Faith, history and philosophical thought are important and necessary partners with science. What emerged at the time Judaism, Hinduism, Buddhism, Confucianism, and Greek philosophy were ideas that shape the moral decisions of individuals and communities. Christianity, Islam, and Sihkism take up these ideas and reshape them to include moral responsibility, compassion for the poor, forgiveness and mercy to build a future of peace, and human rights. Faith and philosophy help us grasp the seeds of hope, consolation in despair, the expanse of imagination, empowerment amidst injustice, and the infinite within the finite. Critical thought is tedious yet the journey brings flashes of insight. The spiritual path also has its own moments of tedium, yet reveals compassion in the midst of sickness and death, witness in the face of injustice and evil, and sacred words to express gratitude in the presence of great beauty and earth rises.
I invite you, as parents and grandparents, to ask frequent and difficult questions of your kids and journey with them through the tedium of scholarly research and spiritual practice.
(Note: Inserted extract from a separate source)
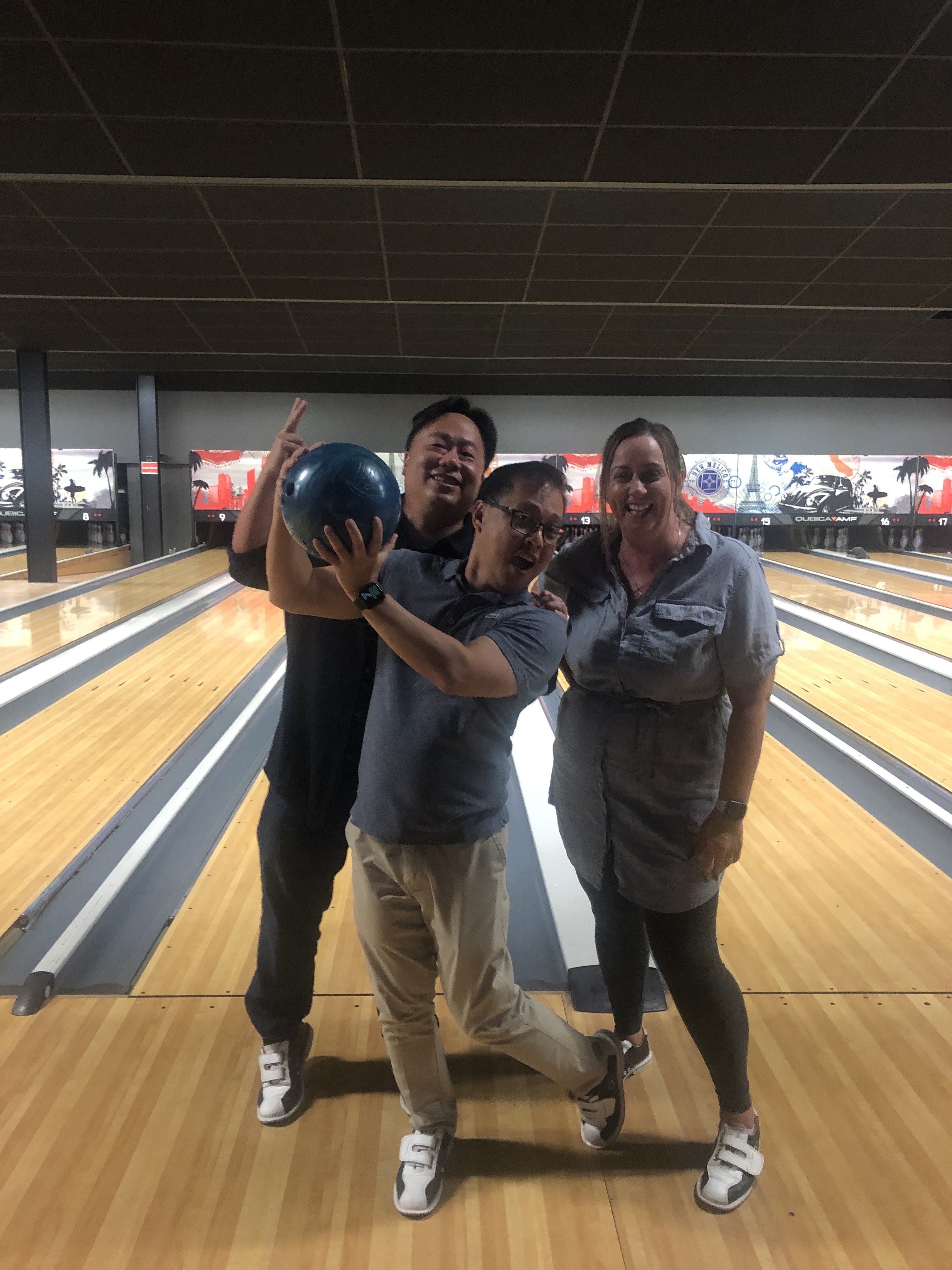 Nous étions un groupe de dix joueurs de bowling répartis sur deux pistes. Les chaussures de bowling m’ont toujours fait flipper et ici, ce n’est pas différent. Surtout, vous les remettez simplement une fois terminé, sans nettoyage, sans rien désinfecter. Le bowling était amusant ici et nous avons joué quelques jeux après comme un flipper et un sac de boxe. Il y a un bar de l'autre côté avec des boissons alcoolisées. L'endroit était très chaud et avait besoin d'un meilleur air. Nous avons eu un bon temps!

Invite them to THINK: Test which information is “critical” and sort it from what is extraneous, seek out alternative views and critique the information they Hear from an individual teacher, news reporter, friend or internet article, question their own Intelligence, recognizing how fallible, prone to error and easily manipulated human reasoning is, entertain New and revised perspectives, and act confidently on the Key insights the have gained, able to articulate their perspective and act on it decisively, leaving behind some conclusions of other thinkers until the time comes to critique their view once more.